ゼカリヤ書 8,16-17コリント第二 4,7-15

 ギリシャでは、朱色の地に黒の文様が描かれた独特の古代の陶器の破片が多く出土する。私の想像だが、パウロはコリントに滞在中、日常生活の中でそれらの焼き物を使い、時には床に落として壊したりもしたのではないか。そこから、弱さ・脆さを抱えた人間存在を「土の器」に譬えたのだろう。むろん、旧約聖書にも被造物の脆さを陶器に譬える伝統がある。「死ぬはずのこの身」(11)というのも同じ意味だ。

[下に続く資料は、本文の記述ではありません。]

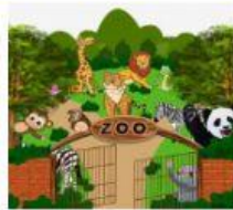
at a zoo

 先週、新潟県の中越地方を大地震が襲った。忍耐強い越後の人々がこれまで営々と築き上げてきた生活基盤は一挙に崩れた。人間は体だけでなく、その生活全般にわたって「土の器」のように脆いものだと痛感する。科学技術の粋を集めて建設された新幹線は脱線して使い物にならなくなり、道路は寸断され、山は崩れ、電気も水道もガスも止まった。他人事ではない。「明日はわが身」かもしれないのである。

 しかしパウロは、「だから駄目だ」とは言わない。我々はこの土の器に「宝を納めている」(7)と言う。「宝」とは、我々自身ではなく神から来る「並外れて偉大な力」のことである。それが、「土の器」のような我々の中にも働いている。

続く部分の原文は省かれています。